El concepto calidad se ha discutido desde la Grecia Clásica, no obstante su aplicación al mundo del comercio, de la industria y los servicios es algo mucho más reciente. Se empezó a aplicar en estos ámbitos cuando, alrededor del siglo XVIII, los comerciantes occidentales comprendieron que sus clientes —mejor dicho, los consumidores o usuarios— son quienes determinan si lo que se les entrega es bueno o no.
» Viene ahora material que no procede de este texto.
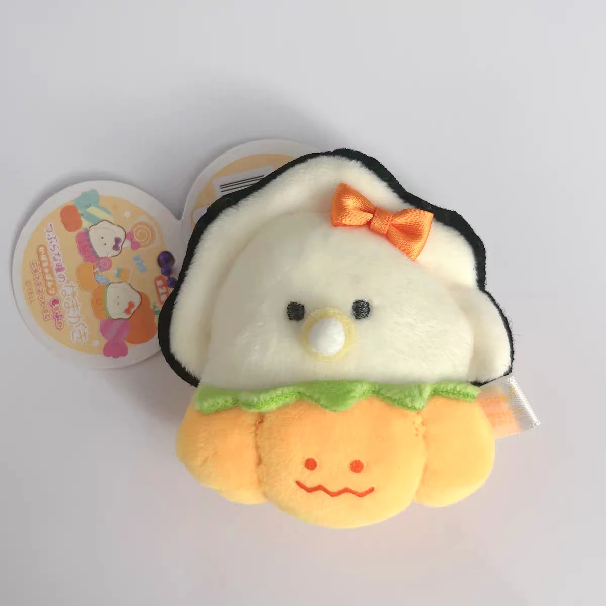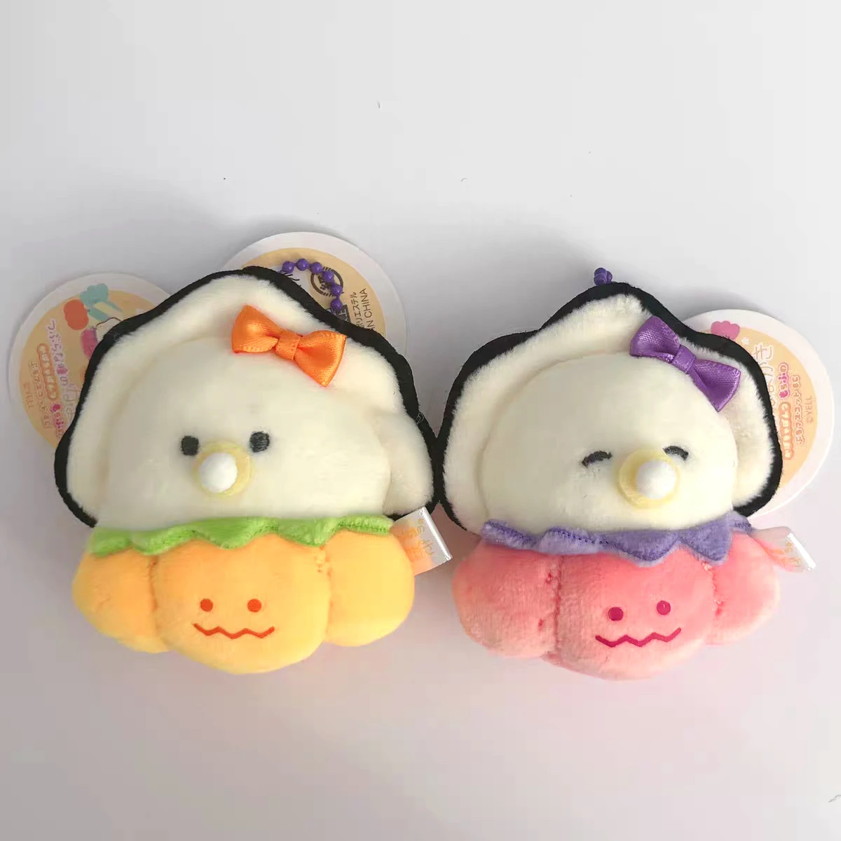 Comprar Juguetes de peluche de 7cm, lindo chupete de ojos redondos, ostra, bebé, pantalones de calabaza de Halloween, lazo, figuras colgantes de cadena de bolas suaves y esponjosas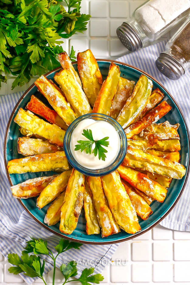 Запеченные в духовке наггетсы из кабачков брусочками готовы. В середину тарелки поместите пиалу с соусом или сметаной, вокруг разложите кабачковые наггетсы, выкладывая их из противня теплыми. Подайте к столу.

Desde mediados del siglo pasado, varios académicos han contribuido a ensanchar el significado de esta palabra, destacando los aportes de E. Deming, J. Duran, K. Ishikawa y G. Taguchi.
En la década de los 80, David T. Kearns, cuando se desempeñaba como presidente de Xerox, sentenció que el fin último de las organizaciones es satisfacer los requerimientos de sus clientes, siendo obligación de los trabajadores de la empresa detectar dichos requerimientos y entenderlos como criterios de calidad. Esto ha llegado a alcanzar gran consenso en el mundo empresarial. Tanto así que en la actualidad, los proyectos que abordan el tema en las organizaciones se distinguen por orientar los esfuerzos de la misma en satisfacer los deseos de sus clientes. Las iniciativas, a fin de ser implementadas satisfactoriamente, exigen que todas las personas de la organización se involucren en el mejoramiento de los procesos que ejecutan con la intención de entregar un mejor producto o servicio a sus clientes.
Aunque el término calidad se ha divulgado de manera masiva durante las últimas décadas en todo el mundo a todos los niveles, lo anterior deja en evidencia que no se puede determinar por ley si un bien o servicio es “de calidad”, ni tampoco podrá una agencia gubernamental, por más que lleve en su nombre la palabra calidad, ser la que determine si lo que una organización le entrega a sus clientes es bueno o no. Al igual como lo entendieron los comerciantes del siglo XVIII y el equipo de Xerox hace décadas, los consumidores son los verdaderos árbitros en este tema. Por eso, el mercado manda como el mejor organizador de lo que es calidad.